Exercise prompt »
Reproduce the lines below exactly. Skip images.
[Start of section]
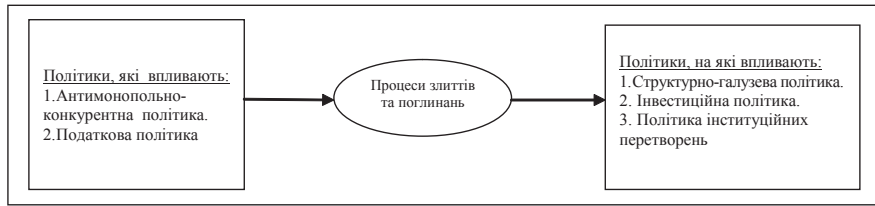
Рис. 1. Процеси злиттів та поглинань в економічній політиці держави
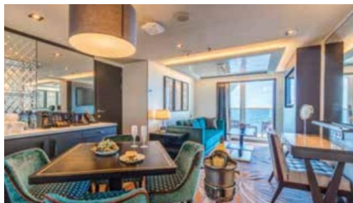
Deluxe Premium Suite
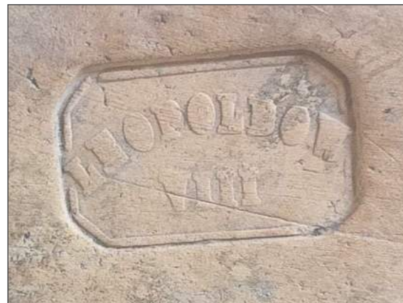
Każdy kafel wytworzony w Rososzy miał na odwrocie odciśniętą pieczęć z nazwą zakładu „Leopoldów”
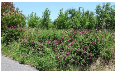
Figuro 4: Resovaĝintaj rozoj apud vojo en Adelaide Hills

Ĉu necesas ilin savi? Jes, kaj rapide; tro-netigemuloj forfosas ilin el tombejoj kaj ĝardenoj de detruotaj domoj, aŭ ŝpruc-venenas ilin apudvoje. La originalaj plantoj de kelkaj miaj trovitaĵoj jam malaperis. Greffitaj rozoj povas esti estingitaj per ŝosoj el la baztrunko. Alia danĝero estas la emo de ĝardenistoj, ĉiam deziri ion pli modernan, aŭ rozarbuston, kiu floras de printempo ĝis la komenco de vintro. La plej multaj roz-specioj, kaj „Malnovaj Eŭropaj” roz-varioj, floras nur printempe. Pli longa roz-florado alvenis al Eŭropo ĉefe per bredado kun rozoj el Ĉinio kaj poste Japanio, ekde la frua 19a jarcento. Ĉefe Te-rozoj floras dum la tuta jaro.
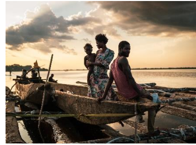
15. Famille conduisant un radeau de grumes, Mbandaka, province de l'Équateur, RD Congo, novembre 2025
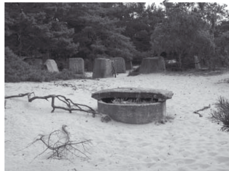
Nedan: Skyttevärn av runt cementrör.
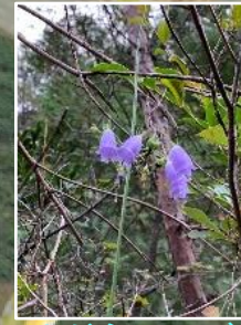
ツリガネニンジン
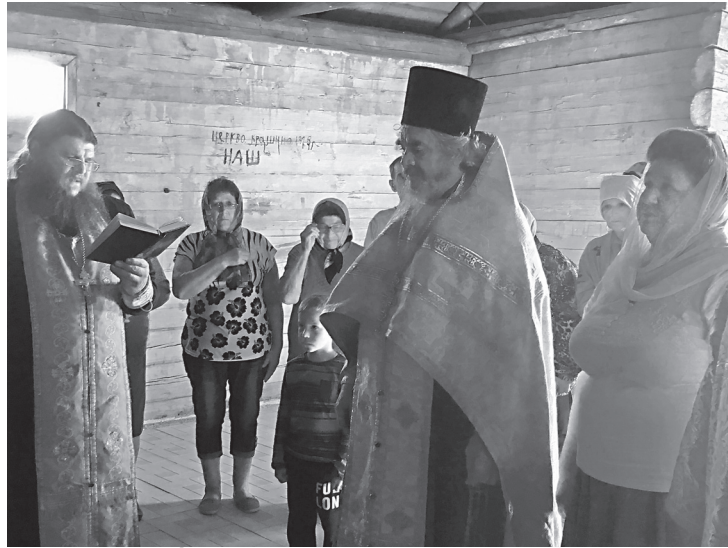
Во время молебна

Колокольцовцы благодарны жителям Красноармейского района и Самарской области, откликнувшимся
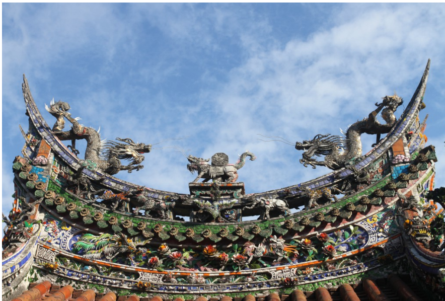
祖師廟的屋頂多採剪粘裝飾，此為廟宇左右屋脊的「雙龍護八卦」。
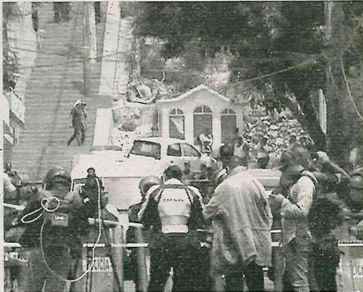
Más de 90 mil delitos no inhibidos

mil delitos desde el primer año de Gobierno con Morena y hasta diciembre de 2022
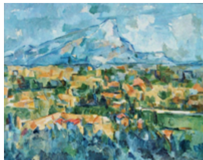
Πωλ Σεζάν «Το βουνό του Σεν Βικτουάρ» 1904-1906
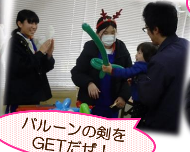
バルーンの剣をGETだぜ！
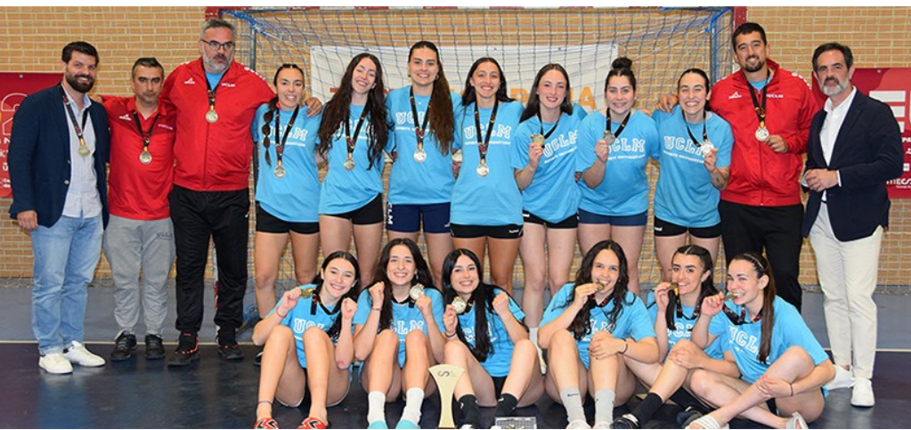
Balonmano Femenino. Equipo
[End of section]
Answer area »
Рис. 1. Процеси злиттів та поглинань в економічній політиці держави
Deluxe Premium Suite
Każdy kafel wytworzony w Rososzy miał na odwrocie odciśniętą pieczęć z nazwą zakładu „Leopoldów”
Figuro 4: Resovaĝintaj rozoj apud vojo en Adelaide Hills

Ĉu necesas ilin savi? Jes, kaj rapide; tro-netigemuloj forfosas ilin el tombejoj kaj ĝardenoj de detruotaj domoj, aŭ ŝpruc-venenas ilin apudvoje. La originalaj plantoj de kelkaj miaj trovitaĵoj jam malaperis. Greffitaj rozoj povas esti estingitaj per ŝosoj el la baztrunko. Alia danĝero estas la emo de ĝardenistoj, ĉiam deziri ion pli modernan, aŭ rozarbuston, kiu floras de printempo ĝis la komenco de vintro. La plej multaj roz-specioj, kaj „Malnovaj Eŭropaj” roz-varioj, floras nur printempe. Pli longa roz-florado alvenis al Eŭropo ĉefe per bredado kun rozoj el Ĉinio kaj poste Japanio, ekde la frua 19a jarcento. Ĉefe Te-rozoj floras dum la tuta jaro.
15. Famille conduisant un radeau de grumes, Mbandaka, province de l'Équateur, RD Congo, novembre 2025
Nedan: Skyttevärn av runt cementrör.
ツリガネニンジン
Во время молебна

Колокольцовцы благодарны жителям Красноармейского района и Самарской области, откликнувшимся
祖師廟的屋頂多採剪粘裝飾，此為廟宇左右屋脊的「雙龍護八卦」。
Más de 90 mil delitos no inhibidos

mil delitos desde el primer año de Gobierno con Morena y hasta diciembre de 2022
Πωλ Σεζάν «Το βουνό του Σεν Βικτουάρ» 1904-1906
バルーンの剣をGETだぜ！
Balonmano Femenino. Equipo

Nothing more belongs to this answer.